The void had not grown kinder.

Chronos stood beneath the pendulum, its toll shaking his bones. Each swing echoed through the black, each drop of silver sand hissing like fire. The beasts had changed. They no longer came in endless swarms. They came as hunters—fewer, stronger, more cunning.

Their eyes glowed with fractured futures, their claws shimmered with stolen seconds. They no longer attacked blindly. They circled. They waited. They struck when his guard faltered.

Chronos' scars burned. His chest heaved. But he did not fall.

The second year had been spent in refinement.

Acceleration was no longer reckless speed. At first, he had hurled himself faster than his body could endure, tearing muscle and snapping bone. But now he bent it with discipline. He learned to move in bursts, weaving speed into his strikes like a craftsman with a chisel. A claw swept toward his skull—he surged forward, faster than sight, his fist shattering the beast's jaw before it even realized it had struck.

Deceleration became control. Where once he slowed whole moments and drowned in their drag, he now layered his command. He could slow only a claw, only a falling stone, only a heartbeat of breath. He learned the art of precision, turning what had been a crushing weight into a tool.

Suspension remained the hardest. Even a grain of sand froze at the cost of fire in his veins, blood dripping from his nose. Yet slowly, painfully, he expanded. He caught not just grains, but droplets. Not just weapons, but fragments of beasts. They howled in frozen stasis while he cut through them piece by piece.

The toll was still brutal. His skin split. His chest screamed. His mind throbbed from the strain of holding eternity still. But his endurance grew. Each toll of the pendulum left him standing longer, bleeding less.

On the 400th toll of the pendulum since his first year ended, the void shook.

The sands split, and from them rose a beast like none before.

It towered tall as a fortress, its body shaped like a man but hollow inside.

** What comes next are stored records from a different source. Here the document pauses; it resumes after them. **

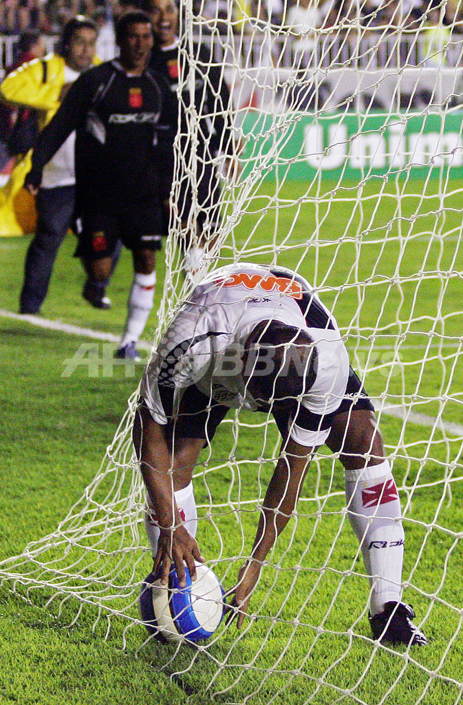 【リオデジャネイロ/ブラジル 21日 AFP】サッカー、07ブラジル全国選手権(Campeonato Brasileiro 2007)・第2節、バスコ・ダ・ガマ(Vasco da Gama)vsスポルチ・レシフェ(Sport Club do Recife)。バスコ・ダ・ガマのロマーリオ(Romario)は、後半3分にチーム3点目となるPKを決めて、自身通算1000得点を記録した。試合は3-1でバスコ・ダ・ガマが勝利を収めた。(c)AFP/SERGIO SILVA
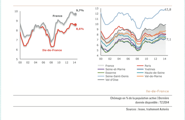 Ce contexte favorable a engendré une progression de l’emploi depuis l’été 2013, qui a retrouvé son niveau d’avant 2008. Ainsi, le taux de chômage en Ile de France atteint 8,6 % à fin 2014 contre 9,7 % en France. Toutefois, il existe de fortes disparités entre les huit départements puisque le taux s’élève à 12,8 % pour la Seine-Saint-Denis et 7,1 % pour les Yvelines.
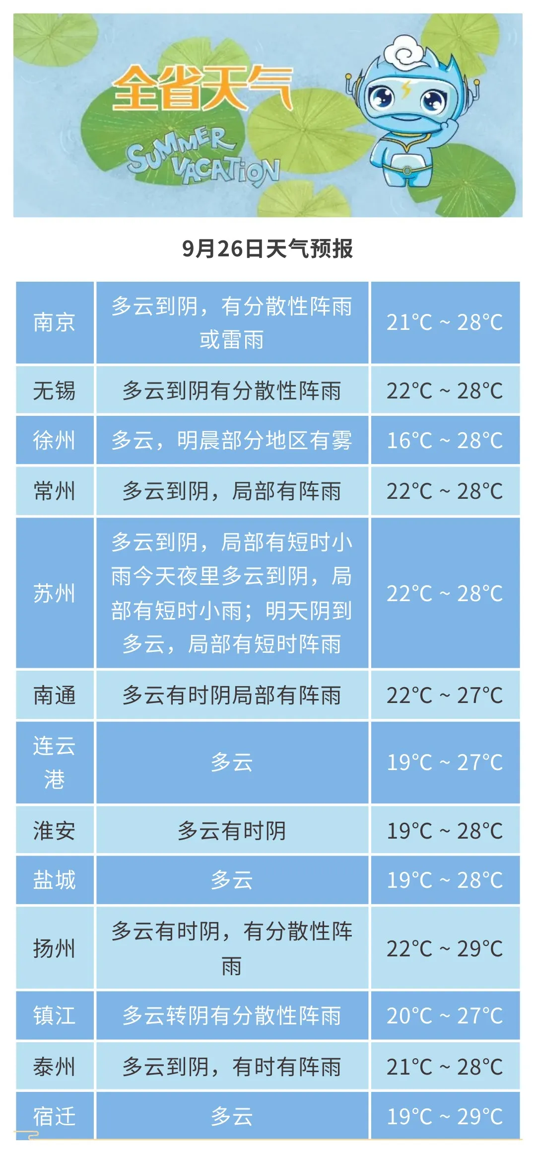 9月26日20时至9月27日20时: 苏南地区多云有时阴有阵雨并渐止转多云,其他地区晴到多云。最高温度本省东部地区26℃左右,其他地区28~29℃;最低温度淮北地区18℃左右,沿江和苏南地区21~22℃,其他地区19~20℃。全省偏东风3-4级。
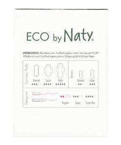 Realizzati con materiali compostabili e a base vegetale, discreti e in armonia con l’ambiente e il corpo delle donne. Gli eco assorbenti interni Naty funzionano come quelli normali, ma l’esperienza di non avere a contatto della pelle la plastica oleosa e le sostanze chimiche nocive vi dirà tutto quello che c’è da sapere. Sentirai subito la differenza di indossare un prodotto ecologico senza plastica a base di petrolio né fibre sintetiche a contatto con la pelle. Completamente naturali, rinnovabili e senza sostanze chimiche in grado di intaccare il delicato equilibrio del pH delle zone intime.
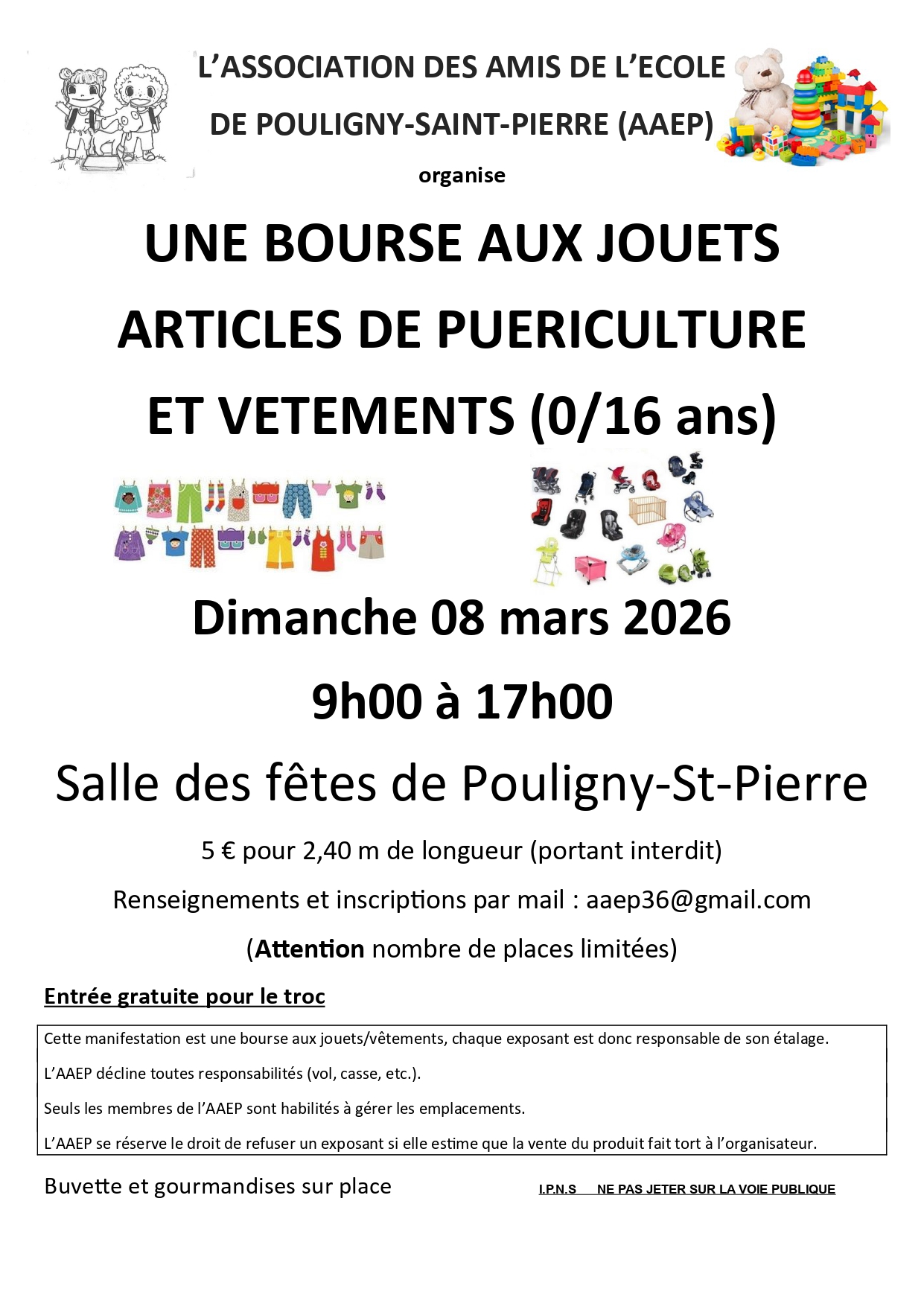 L'association des amis de l'école de Pouligny propose une bourse jouets et vêtements. Buvette et gourmandises sur place.
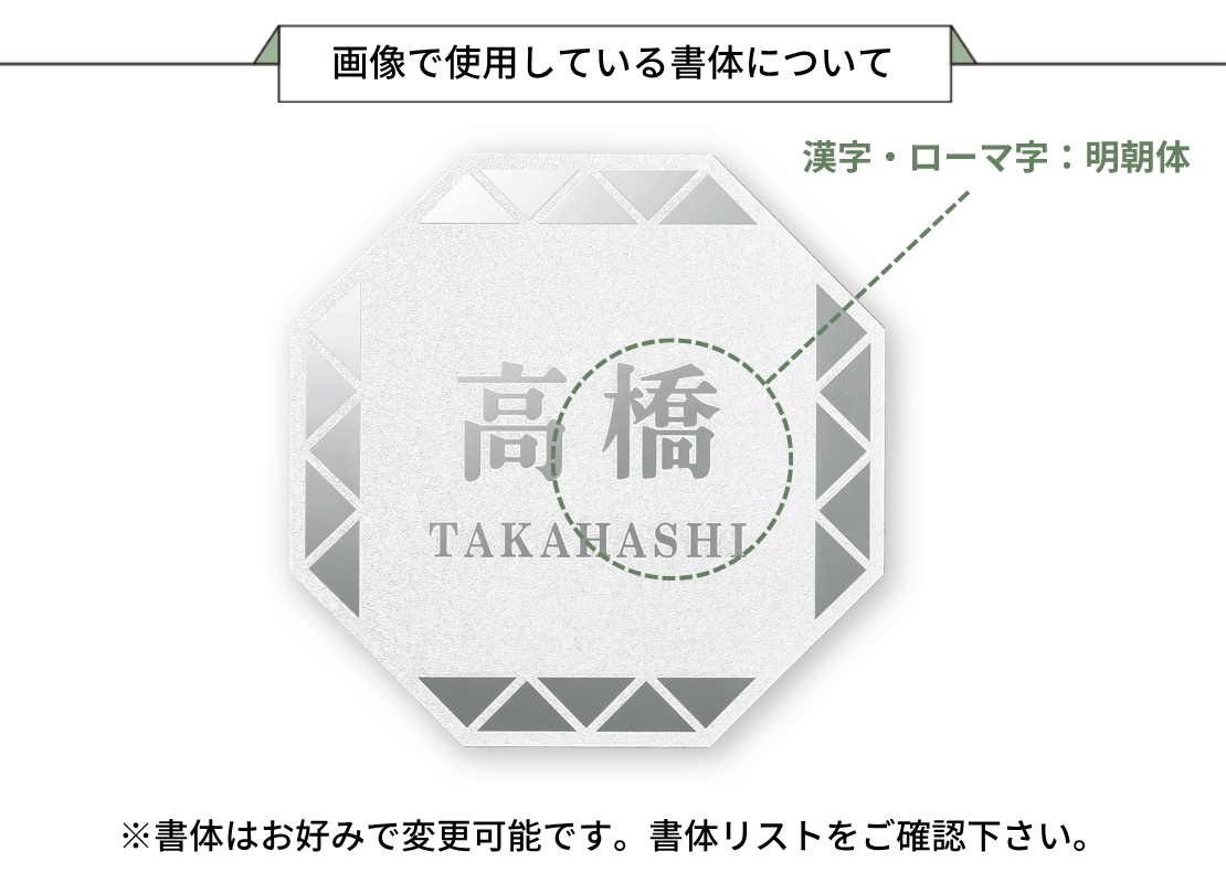 また、別商品ではありますが、当店で人気の「【丸三タカギ】風水表札 桧タイプ」では、漢字に「楷書体」、英字に「角ゴシック体」を組み合わせた例もございます。

Its chest was a vast clock, pendulum swinging. Its face was a blur of shifting masks—Oceanus, Hyperion, Phoebe, Iapetus, his own reflection. Every second, the mask changed, as if mocking him.

It carried a pendulum of its own, black as midnight, and with each swing the void itself groaned.

Chronos' silver eyes narrowed. The void had shaped this trial for him.

The beast lunged, its pendulum hammering down. He accelerated, blurring aside. The ground split, sands scattering. He countered with a silver fist to the beast's chest—but the clock absorbed the strike. Sparks spat. The mask only grinned.

The pendulum swung again. This time, time itself twisted. His acceleration faltered. His body dragged, as if chained. The beast could bend time, too.

Chronos snarled, his emblem blazing. He layered deceleration over the swing, forcing its arc to crawl. The beast roared, breaking through. The pendulum struck his shoulder, sending him tumbling. Pain seared down his arm, silver blood dripping.

He staggered upright. His breath burned. His hands shook.

So this is my reflection. My shadow. My rival.

The beast lunged again. Chronos raised his hand. Suspension flared, ripping at his veins. The pendulum froze mid-swing, quivering like a trapped star.

Chronos surged forward, silver sands swirling. He struck the clock-face with everything—his fists, his will, his refusal to yield.

The glass cracked. The mask screamed.

The beast thrashed, breaking free of suspension, but its pendulum swung wild, its time unraveling. Chronos slowed its strike, accelerated his own, and shattered the mask into shards of silver dust.

The pendulum broke. The beast dissolved, screaming, into falling sand.

Chronos collapsed to one knee, sweat dripping, chest heaving. His shoulder bled, but his smile was faint and steady.

Even time itself cannot bind me. I will not be prey of the pendulum. I am its master.

For weeks after, he sat in meditation.

The void was no longer only black. The sands had changed. They swirled more brightly, silver threads weaving through the dark. The clock pulsed deeper, louder, as if acknowledging his victory.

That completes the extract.